The Mississippi Department of Human Services is suing 38 people or businesses, including retired NFL Hall of Fame quarterback Brett Favre, for spending millions of dollars on welfare intended to help the state most poor in the country, according to several reports.
The lawsuit, filed in Hinds County Circuit Court, seeks to recover more than $20 million in cash that it claims the defendants “wasted” from the anti-poverty temporary relief program for needy families.
“I don’t understand these people,” attorney Brad Pigott, who drafted the lawsuit, told Mississippi Today. “What kind of person would decide that the money the law required to be spent on helping the poorest people in the poorest state would be better spent being distributed by them to their own families, to their own pet projects and their own favorite celebrities?”
The lawsuit was filed just weeks after the mother-son duo of Nancy New, 69, and Zachary New, 39, pleaded guilty to criminal charges for wasteful spending. The duo agreed to testify against others in the corruption case, which auditor Shad White said was Mississippi’s largest in two decades.
They ran a nonprofit group and an education corporation in the state, which received tens of millions of dollars through contracts with the Mississippi Department of Social Services; however, much of the money was illegally funneled to other nonprofits or contractors, considered “second-tier” recipients of the department, the outlet reported.
Some of the welfare money was spent on the California rehab of former professional wrestler Brett DiBiase. He was named as a defendant in the lawsuit, along with his father and brother, Ted DiBiase Sr. and Ted “Teddy” DiBiase Jr.
In 2020, Nancy and Zachary, along with former Mississippi Department of Human Services executive director John Davis, and three others, were charged in state court with unnecessary expenses.
Last year, White demanded repayment of $77 million in misdirected social funds, including $1.1 million paid to Favre, who lives in Mississippi and has not been charged with any wrongdoing.
White accused Favre of being paid for speeches and not showing up. Favre said he was unaware the money came from welfare funds and noted that his charity had provided millions in cash to help poor children in Mississippi and Wisconsin.
Monday’s lawsuit claims Favre was once the largest individual outside investor and shareholder in the Florida-based company Prevacus, which was trying to develop a concussion drug. The lawsuit claims that in December 2018, Favre hoped Prevacus CEO Jake VanLandingham would ask Nancy to use welfare money to invest in the company.
In January 2019, Favre hosted a Prevacus stock sale presentation at his home attended by many defendants, where an agreement was reached to spend “substantial” social grants for Prevacus and its affiliate PreSolMD Inc.
The lawsuit says the action was in the names of Nancy and Zach, but was also for the financial benefit of Favre, VanLandingham and the two companies. He is demanding repayment of $2.1 million in social grants that were improperly paid to the two companies that year.

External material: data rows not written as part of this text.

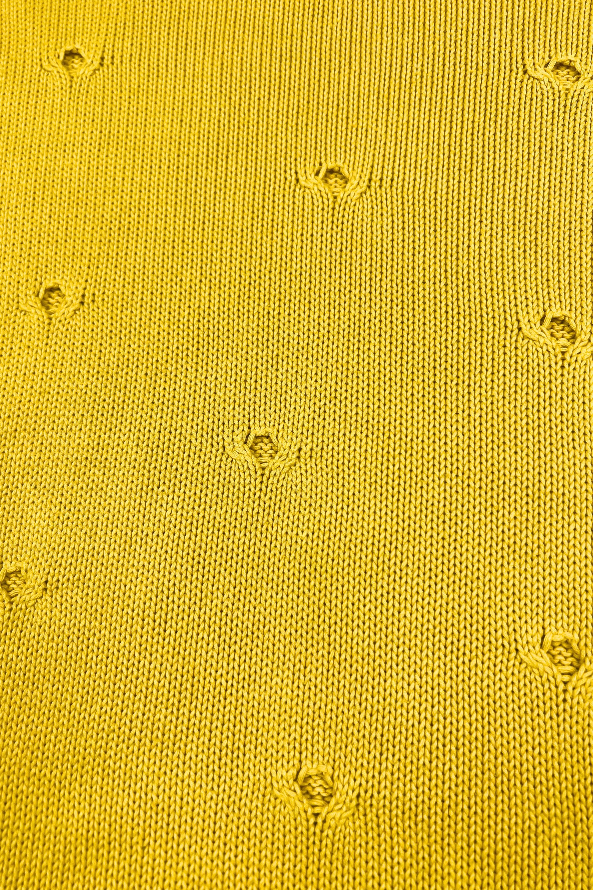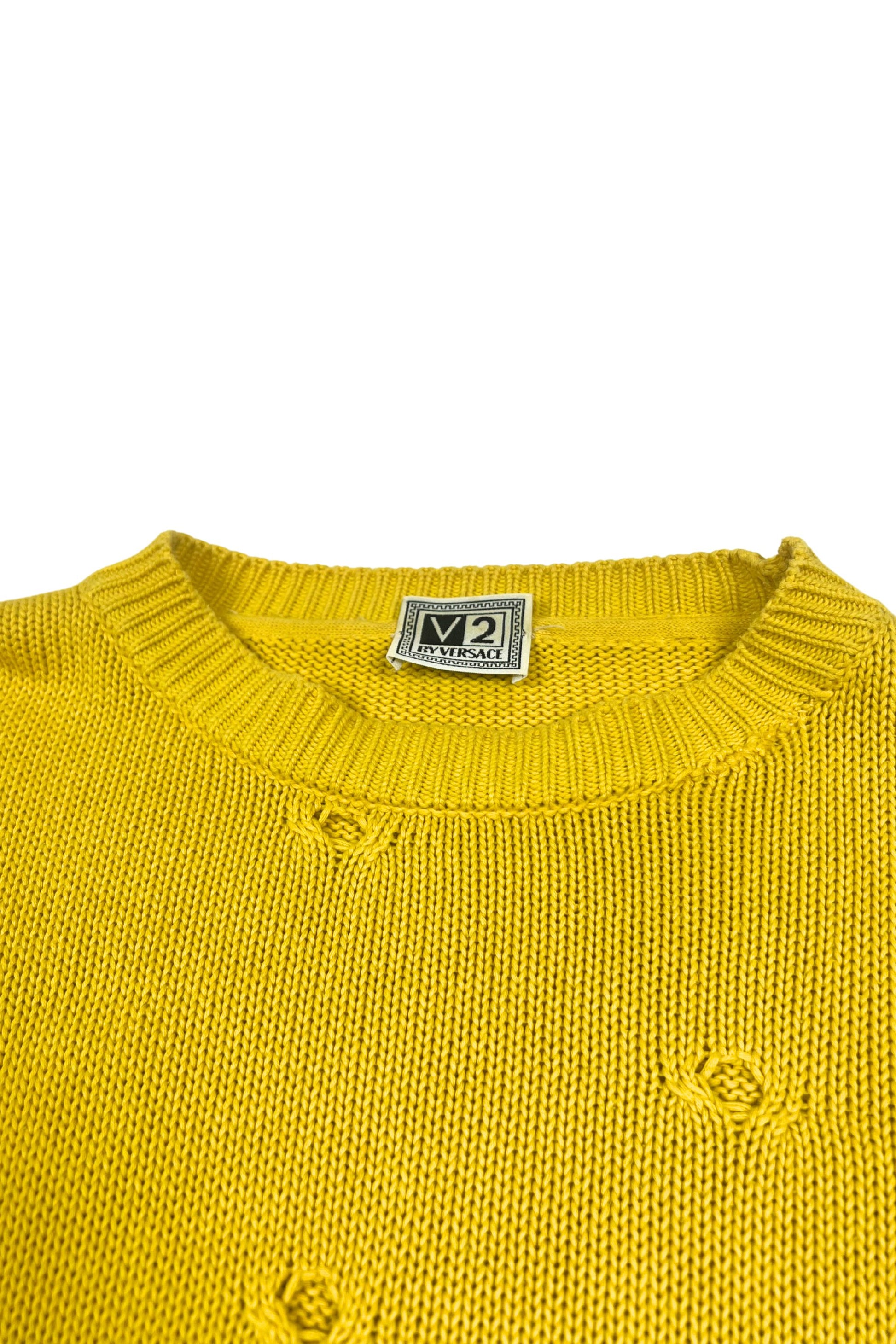 90s Versace yellow knitted sweater featuring an all-over hole design. The intentional openings create a bold, textured effect that stands out when worn.
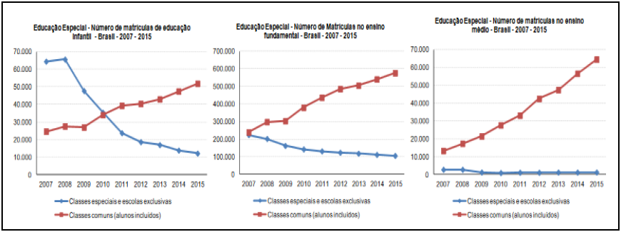Todas essas leis dão amparo e suporte a matricula compulsória do aluno com deficiência em escolas da rede regular de ensino, e a partir dessas políticas públicas, o número de matrículas de alunos com necessidades especiais em turmas regulares vem crescendo nos últimos anos. Esse crescimento pode ser observado, na Figura 1 abaixo, com dados do Censo de 2015, realizado pelo Ministério da Educação (BRASIL, 2016):
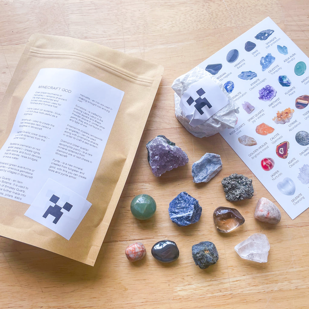 Minecraft Pro Set: 8 crystals - such as Lapis Lazuli (or sodalite), Nether quartz (clear quartz), Coal (Black Tourmaline or obsidian), Redstone (carnelian, jasper or Red Agate), Amethyst, Hematite, Emerald (or green aventurine), & Sunstone.
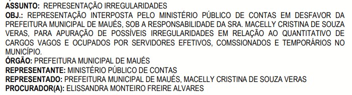 De acordo com informações do documento apresentado ao Tribunal de Contas do Estado do Amazonas (TCE-AM), a a representação é para investigar as possíveis irregularidades da prefeita Macelly Veras, que não informou o quantitativo de cargos vagos e ocupados por servidores efetivos, comissionados e temporários no município.
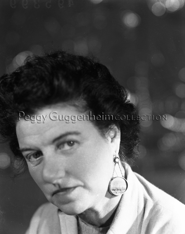Peggy Guggenheim con un orecchino dipinto da Yves Tanguy, 1949.
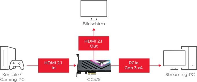 Der Hersteller liefert auf der Produktseite ein einfaches Piktogramm zur korrekten Verkabelung. Über den PCIe-Anschluss wird die Karte in den Rechner gesteckt. Das Eingangssignal kommt über HDMI von der Spielekonsole und wird sowohl an den PC, als auch, erneut via HDMI, an den Fernseher oder gewünschten Bildschirm zur Ausgabe weitergegeben.
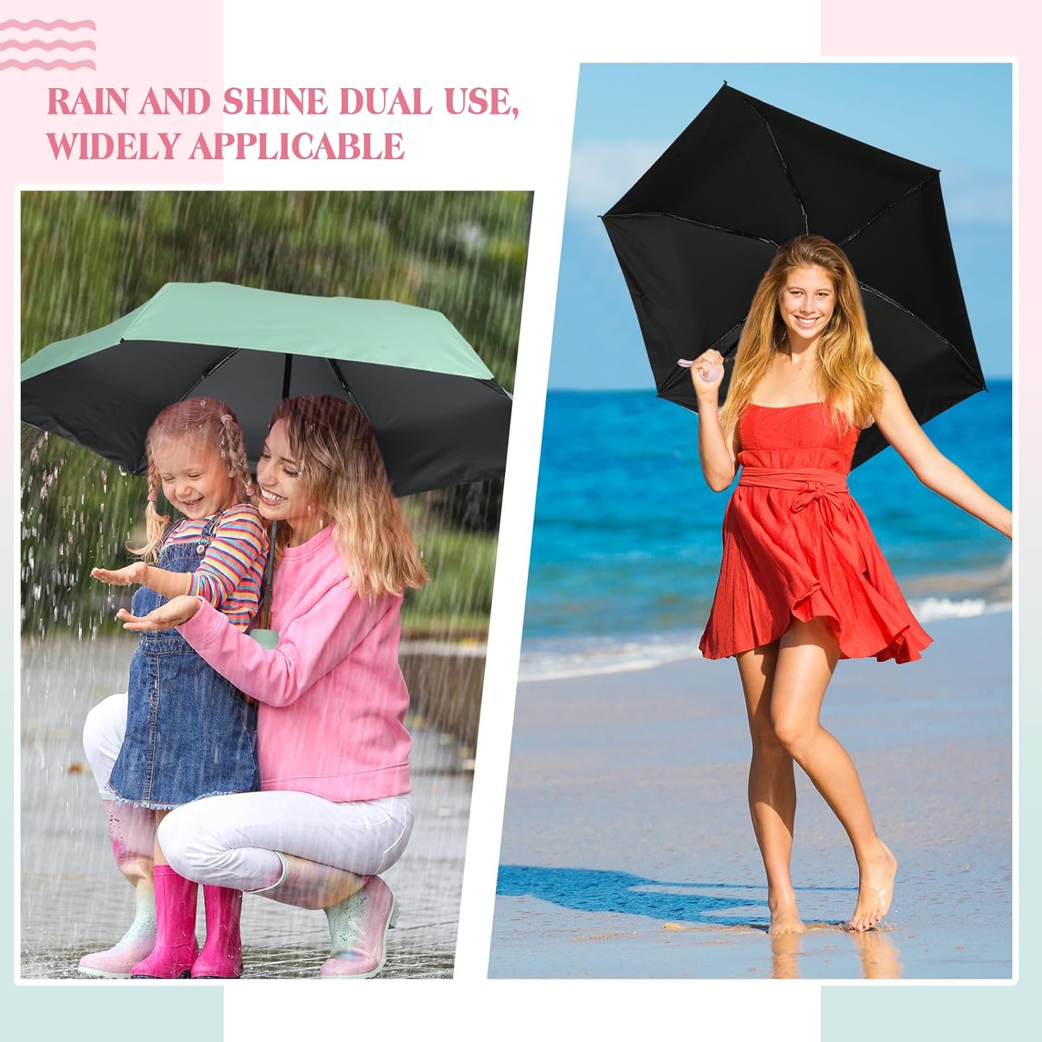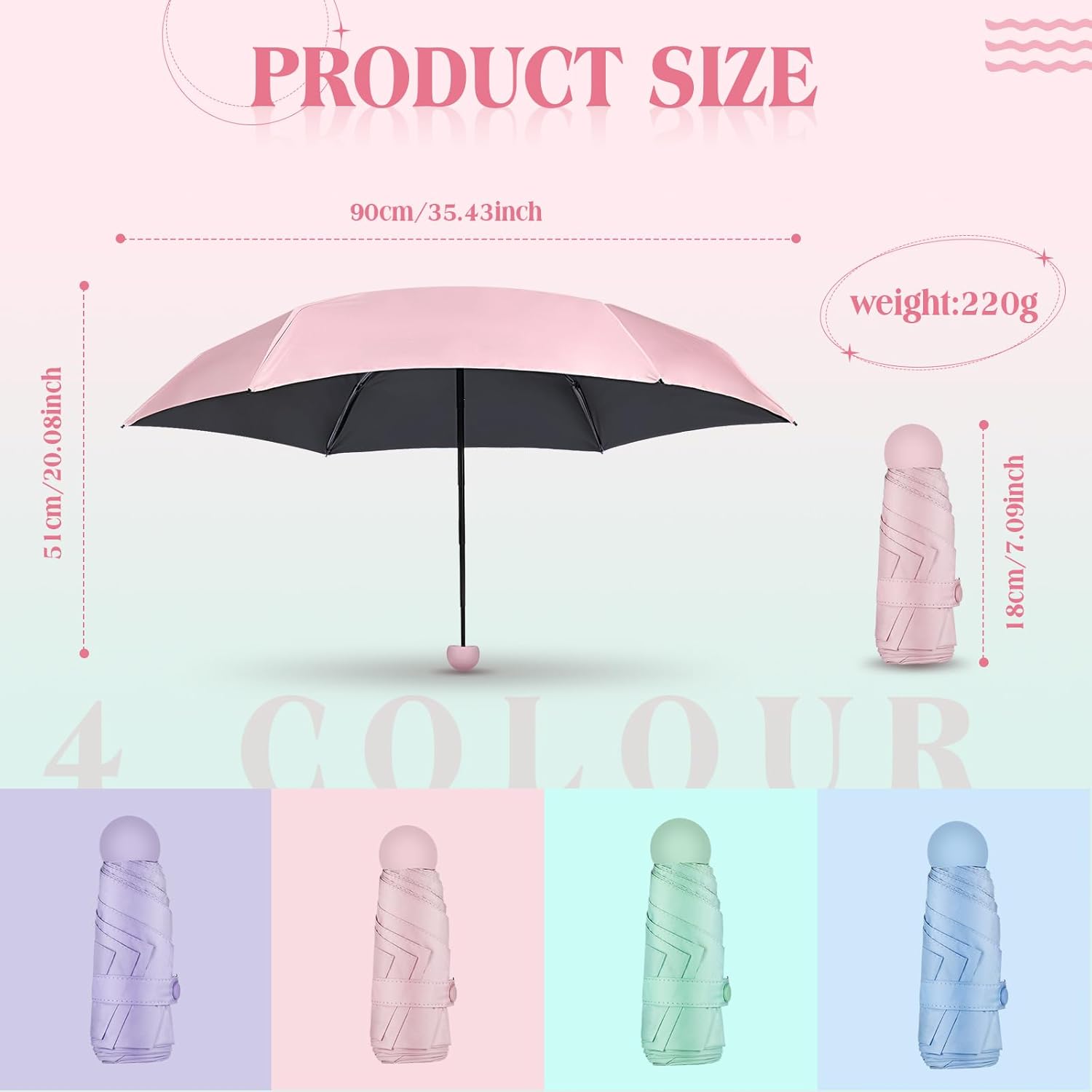 • Lightweight and Portable: the single net weight of this pocket umbrella is about 0.48 lbs, the opened diameter is approx. 35.5 inches, the opened height is approx. 20 inches, the width of the umbrella is approx. 2.36 inches, and the height of the umbrella is approx. 7 inches; This umbrella is a relatively mini size with a five fold and six rib design; The ribs are lightweight and light in texture, can be well stored in backpacks, handbags, purses, and pockets and is convenient to carry

Favre’s longtime agent, James “Bus” Cook, did not immediately respond to a Fox News Digital request for comment.
The planned filing comes months after the auditor’s office handed the claims for reimbursement of misspent funds to the attorney general’s office.
“I applaud the team filing this lawsuit and am grateful that the state is taking another step toward justice for taxpayers,” White said. “We will continue to work alongside our federal partners – who have had access to all of our evidence for over two years – to ensure the matter is fully investigated.”
Attorney General Lynn Fitch and Governor Tate Reeves said in a joint statement Monday, “Our goal with this lawsuit is to seek justice for the shattered trust of the people of Mississippi and to recover funds that were misspent.”